The data:
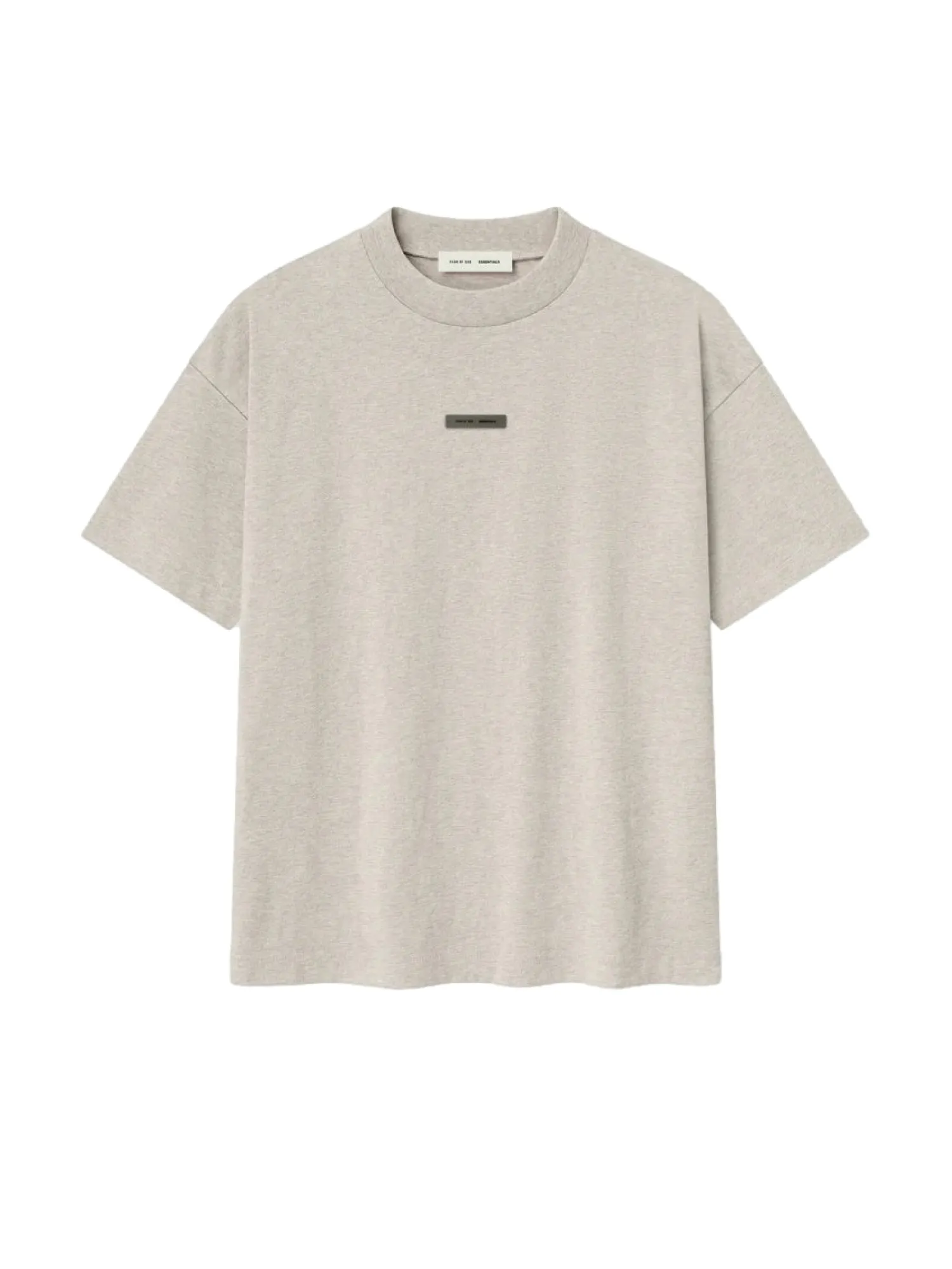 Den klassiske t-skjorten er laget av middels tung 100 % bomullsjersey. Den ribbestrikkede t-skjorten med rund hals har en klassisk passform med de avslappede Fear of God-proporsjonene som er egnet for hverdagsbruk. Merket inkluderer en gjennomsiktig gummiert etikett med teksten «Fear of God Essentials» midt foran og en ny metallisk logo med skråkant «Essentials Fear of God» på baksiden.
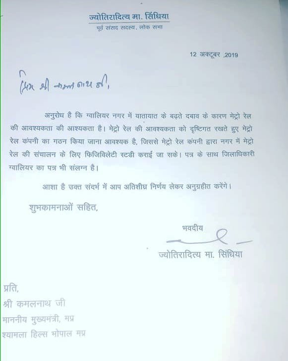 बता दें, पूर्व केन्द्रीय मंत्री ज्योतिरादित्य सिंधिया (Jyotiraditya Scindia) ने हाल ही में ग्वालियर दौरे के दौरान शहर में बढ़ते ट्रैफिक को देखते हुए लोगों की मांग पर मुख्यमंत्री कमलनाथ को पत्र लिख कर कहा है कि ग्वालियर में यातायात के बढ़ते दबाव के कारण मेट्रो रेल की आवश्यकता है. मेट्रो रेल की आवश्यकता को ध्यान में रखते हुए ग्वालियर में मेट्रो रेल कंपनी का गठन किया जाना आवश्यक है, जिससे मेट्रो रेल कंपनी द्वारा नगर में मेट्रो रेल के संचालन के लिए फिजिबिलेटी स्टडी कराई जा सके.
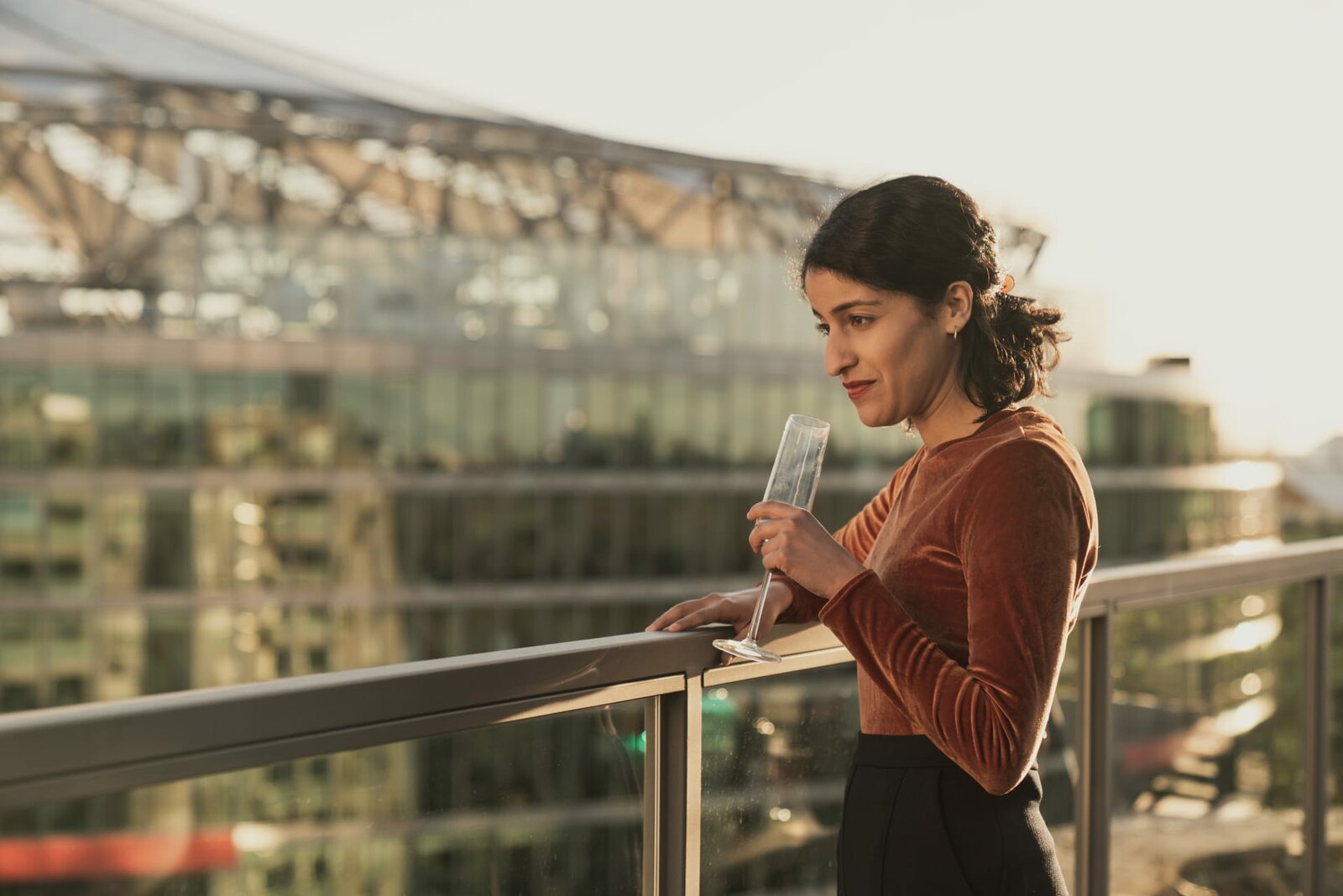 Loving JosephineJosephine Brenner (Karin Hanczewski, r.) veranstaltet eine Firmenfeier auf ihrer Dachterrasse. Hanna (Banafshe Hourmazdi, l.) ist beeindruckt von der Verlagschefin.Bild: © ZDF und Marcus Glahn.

Exercise objective: Repeat the lines exactly as they stand, from the opening line of the data through the line with "बता दें, पूर्व". Pictures stay out of the copy.

Solution to this exercise:
 Den klassiske t-skjorten er laget av middels tung 100 % bomullsjersey. Den ribbestrikkede t-skjorten med rund hals har en klassisk passform med de avslappede Fear of God-proporsjonene som er egnet for hverdagsbruk. Merket inkluderer en gjennomsiktig gummiert etikett med teksten «Fear of God Essentials» midt foran og en ny metallisk logo med skråkant «Essentials Fear of God» på baksiden.
 बता दें, पूर्व केन्द्रीय मंत्री ज्योतिरादित्य सिंधिया (Jyotiraditya Scindia) ने हाल ही में ग्वालियर दौरे के दौरान शहर में बढ़ते ट्रैफिक को देखते हुए लोगों की मांग पर मुख्यमंत्री कमलनाथ को पत्र लिख कर कहा है कि ग्वालियर में यातायात के बढ़ते दबाव के कारण मेट्रो रेल की आवश्यकता है. मेट्रो रेल की आवश्यकता को ध्यान में रखते हुए ग्वालियर में मेट्रो रेल कंपनी का गठन किया जाना आवश्यक है, जिससे मेट्रो रेल कंपनी द्वारा नगर में मेट्रो रेल के संचालन के लिए फिजिबिलेटी स्टडी कराई जा सके.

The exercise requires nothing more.